New MRI Imaging Technique Can Diagnose Early Stage Parkinson's
By MedImaging International staff writers Posted on 18 Jul 2022 |

Parkinson's is a progressive and debilitating disease of the brain that eventually compromises patients' ability to walk and even to talk. Its diagnosis is complex, and in the early stages – impossible. The usual method of visualizing brain structure utilizes a technique most of us are familiar with, called MRI. However, it is not sensitive enough to reveal the biological changes that take place in the brain of Parkinson patients, and at present is primarily only used to eliminate other possible diagnoses. Now, researchers have realized that the cellular changes in Parkinson's could possibly be revealed by adapting a related technique, known as quantitative MRI (qMRI).
The method has enabled researchers at The Hebrew University of Jerusalem (Jerusalem, Israel) to look at microstructures within the part of the deep brain known as the striatum – an organ which is known to deteriorate during the progress of Parkinson's disease. Using a novel method of analysis developed by the team, biological changes in the cellar tissue of the striatum were clearly revealed. Moreover, they were able to demonstrate that these changes were associated with the early stages of Parkinson's and patients’ movement dysfunction.
qMRI achieves its sensitivity by taking several MRI images using different excitation energies – rather like taking the same photograph in different colors of lighting. The researchers were able to use their qMRI analysis to reveal changes in the tissue structure within distinct regions of the striatum. The structural sensitivity of these measurements could only have been previously achieved in laboratories examining the brain cells of patients post mortem. This is not an ideal situation for detecting early disease or monitoring the efficacy of a drug.

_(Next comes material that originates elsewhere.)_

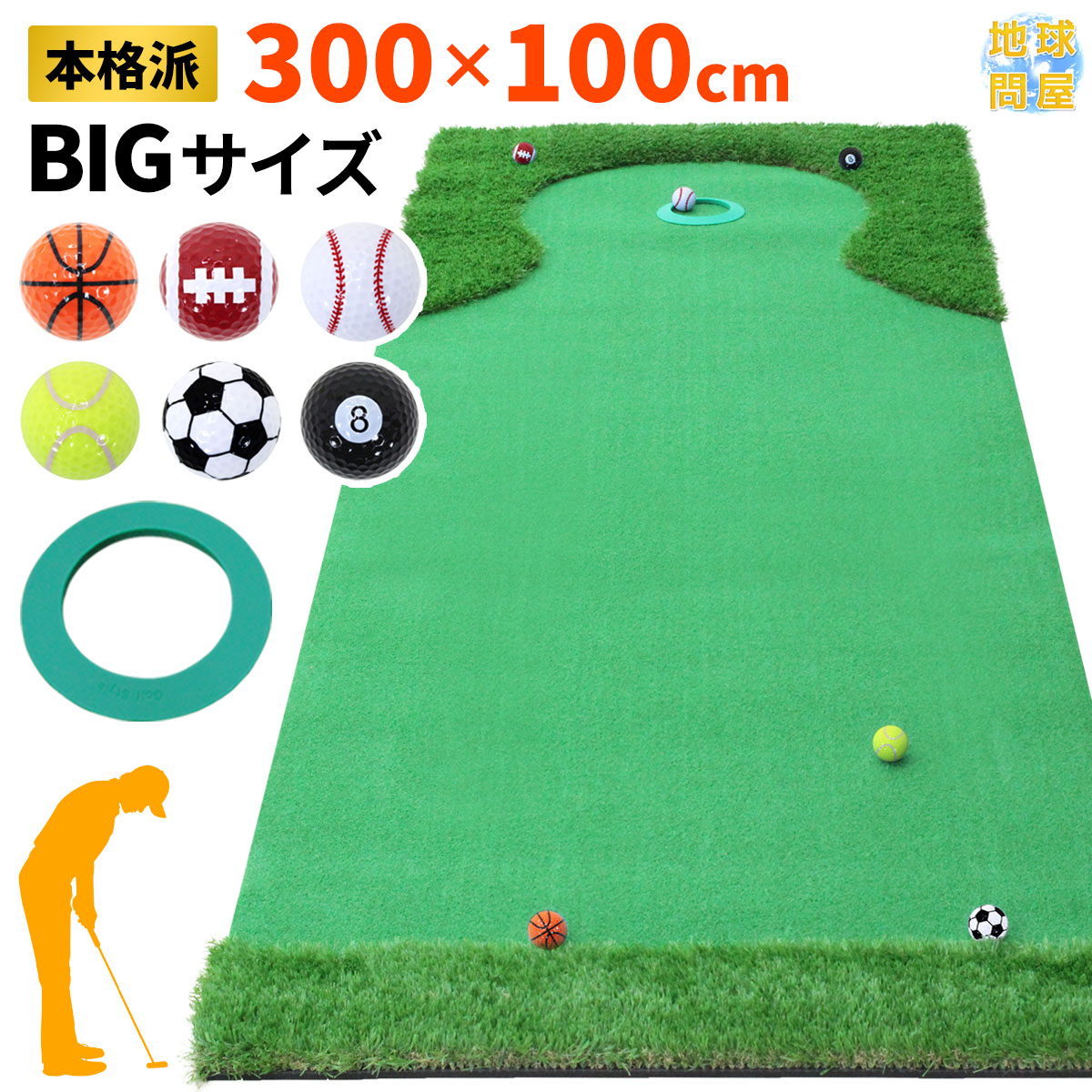 パターマット 3m ゴルフ パター練習 ラフ 大型 厚手 室内 屋外 練習用 人工芝 SBR 本格派 300×100cm 特大 Ωシリーズ ゴルフボール パターカップ付き GSセット

The new information will facilitate early diagnosis of the disease and provide "markers" for monitoring the efficacy of future drug therapies. The researchers now plan to extend the technique to investigate microstructural changes in other regions of the brain. Furthermore, the team is now developing qMRI into a tool that can be used in a clinical setting and could be ready about 3-5 years down the line. The researchers further suggest that this type of analysis will enable identification of subgroups within the population suffering from Parkinson’s disease – some of whom may respond differently to some drugs than others.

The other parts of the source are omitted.